A Nazaret
Un giorno Gesù, appena di cinque anni, sedeva sulla soglia di casa, a Nazaret, intento a formare degli uccellini da un blocco di argilla che gli aveva regalato il vasaio di fronte.
Sui gradini della casa vicina sedeva un bambino di nome Giuda; tutto graffi e lividure e i vestiti a brandelli per le continue risse con altri ragazzi di strada. In quel momento era tranquillo, non tormentava nessuno, né s’accapigliava con i compagni, ma lavorava anche lui a un blocchetto di argilla.
A mano a mano che i due bimbi facevano i loro uccellini li mettevano in cerchio dinanzi a sé.
Giuda, che di tratto in tratto guardava furtivo il compagno per vedere se facesse più uccelli di lui e più belli, gettò un grido di meraviglia quando vide che Gesù tingeva i suoi uccellini con il raggio di sole colto dalle pozze d’acqua.
Anche lui allora immerse la mano nell’acqua luminosa.
Ma il raggio di sole non si lasciò pigliare. Filava via dalle sue mani per quanto egli si affaticasse a muovere lesto le dita tozze per acchiapparlo, e ai suoi uccelli non poté dare neppure un pochino di colore.
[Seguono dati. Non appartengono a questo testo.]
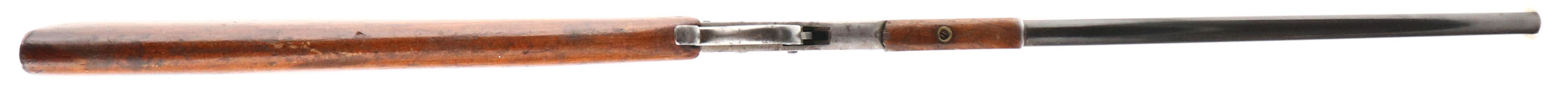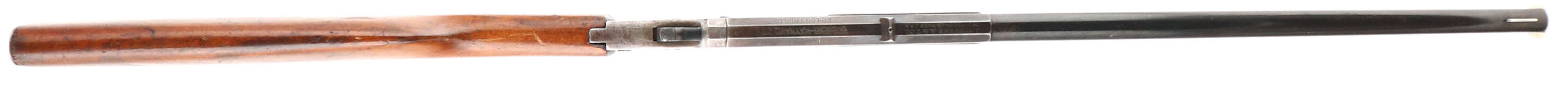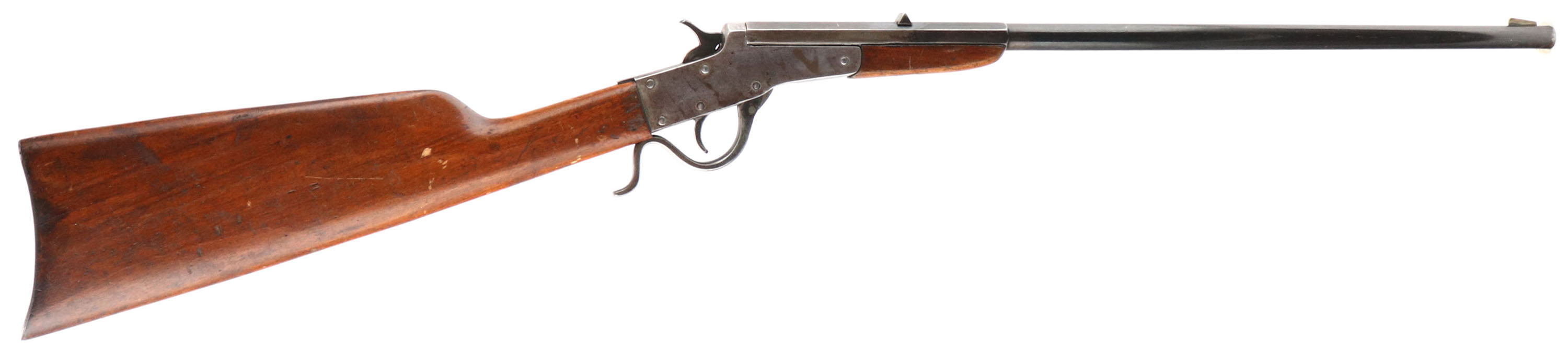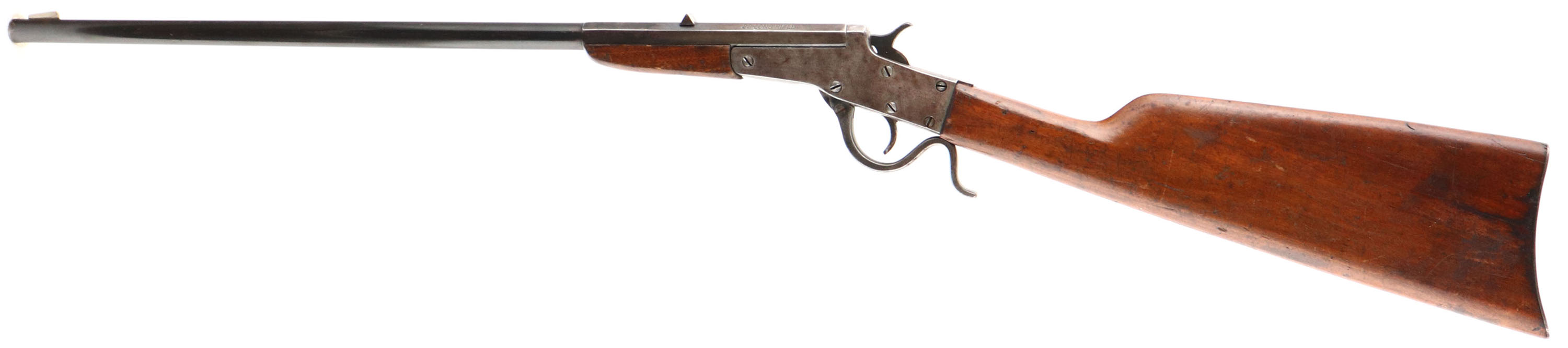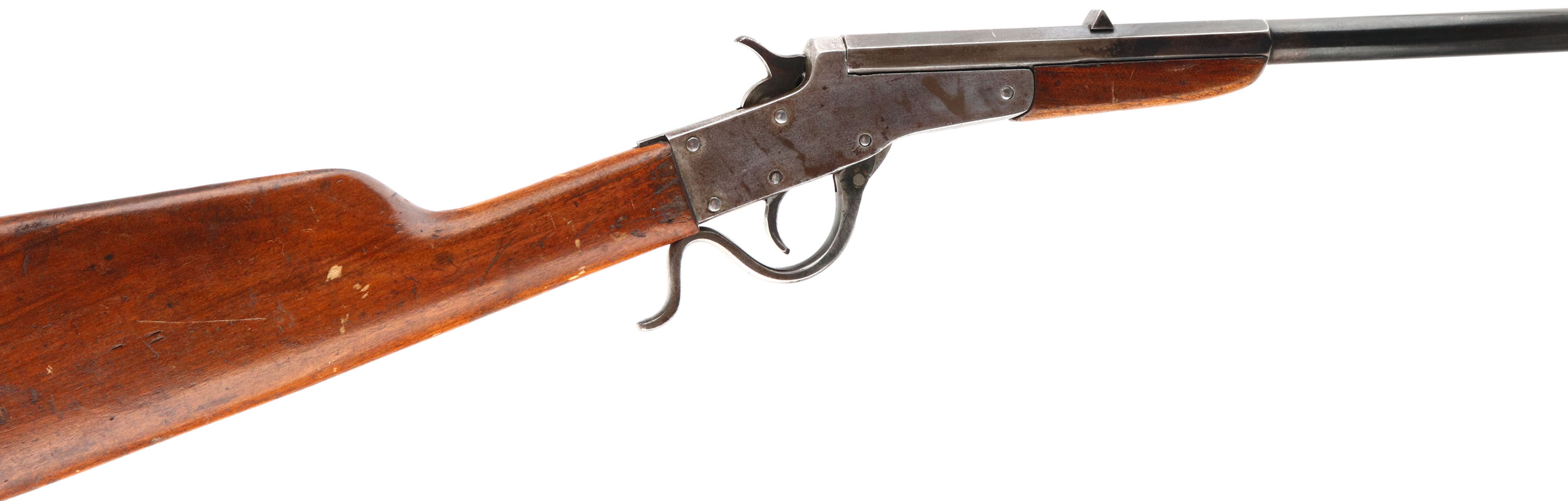 J. Stevens A&T Co., Model: Stevens Maynard Jr. No. 15, Cal: .22 LR, MFG: 1906-12, S/N: None, lever action single shot, 18'' octagon to round barrel. 1 turn in 16'' r.h. twist. The model was made from 1900 -12. When production began, the stocks were made from a flat board, which was later changed in 1906 to an oval style like on this example. Most rifle of this model were chambered in short & long, with rarer examples being marked ''LONG RIFLE''. The straight wrist wood stock & forend are very good, with various dings, scrapes, & scratches from use/age. The barrel retains about 50% bluing, with most of the worn areas located on the back portion of the barrel. The receiver is worn to a gun metal gray & toning to a thin brown patina. The receiver has worn to gun metal gray, with a brown patina. The top of the barrel is marked ''J. STEVENS A&T. CO.'', ''CHICOPEE FALLS, MASS. U.S.A.'', ''STEVENS-MAYNARD JR.'', ''22-LONG RIFLE''. The bore is fair, with roughness & pitting amongst visible rifling. The barrel holds a blade front sight & a V-notch fixed rear sight. The stock carries a smooth steel buttplate. FFL or C&R Req. - Value: 150 to 300

“Aspetta, Giuda”, esclamò Gesù “vengo io a colorire i tuoi uccellini”.
“No, non devi toccarli; stanno bene così!”, gridò Giuda; poi, in un impeto d’ira calcò il piede suoi suoi uccelli riducendoli l’uno dopo l’altro in un ammasso di fango.
Quando tutti gli uccelli furono distrutti si avvicinò a Gesù, che stava accarezzando i suoi, sfavillanti come pietre preziose. Giuda li osservò un momento in silenzio, poi alzò il piede e ne pestò uno.
“Giuda, che fai? Non sai che sono vivi e possono cantare?”
Ma Giuda rideva e ne calpestò un altro, poi un altro, un altro ancora.
Gesù si guardò attorno cercando un soccorso.
Giuda era lato, robusto ed egli non aveva la forza di fermarlo.
Guardò la madre; non era lontana, ma prima che fosse venuta Giuda avrebbe distrutto tutti gli uccelli.
Gli si riempirono gli occhi di lacrime.
Quattro erano già ridotti in mota; ne rimanevano tre ancora.
Gesù si struggeva che i suoi uccellini stessero quieti e si lasciassero calpestare senza fuggire alla rovina. Allora batté le mani per destarli e gridò: “Volate! Volate!”
I tre uccelletti cominciarono a muovere le ali, le batterono timorosi, poi presero il volo fino all’orlo del tetto dove si sentirono in salvo.